Os homens daquela cidade foram combater pela Alemanha.

Rosa Branca e a mãe juntaram-se à multidão e despediram-se deles. Uma banda tocou, todos bateram palmas e o presidente da câmara fez um discurso enfadonho. Contaram-se piadas, cantaram-se canções e os homens mais velhos deram conselhos aos jovens soldados. Rosa Branca tremia de excitação, mas a mãe disse que era do frio, porque o inverno se aproximava.

As pessoas habituaram-se a ver camiões a arrastar-se pelas ruas estreitas, de dia e de noite, e lagartas de tanques pesados a faiscar nas pedras das calçadas. O barulho era ensurdecedor. Os soldados cantavam, sorriam e piscavam o olho às crianças, como se fossem velhos amigos, e as crianças saudavam-nos sempre.

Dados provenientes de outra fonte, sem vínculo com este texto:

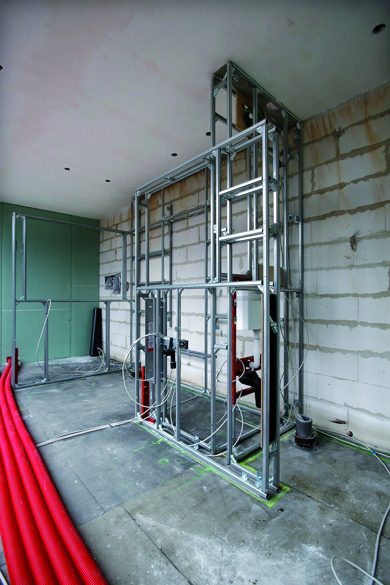 nosná konstrukce pro upevnění umyvadla a toalety. Tento systém umožňuje

Rosa Branca ia muitas vezes às compras para a mãe.

Agora, havia longas filas à porta das lojas, mas ninguém se queixava. Todos sabiam que os soldados necessitavam da comida, porque estavam sempre famintos.

Contudo, nem tudo mudou. Rosa Branca continuou a brincar com os amigos, a fazer os deveres depois do jantar e a ir para a escola bem cedo, com o almoço na pasta. Quando as aulas acabavam, a menina percorria o trilho ao longo do rio, que era o seu percurso de regresso favorito. A mãe estava sempre à espera dela com uma bebida quente.

Ninguém conhecia o destino daqueles camiões, embora todos falassem deles. Algumas pessoas diziam que os camiões se dirigiam para um local que ficava mesmo à saída da cidade.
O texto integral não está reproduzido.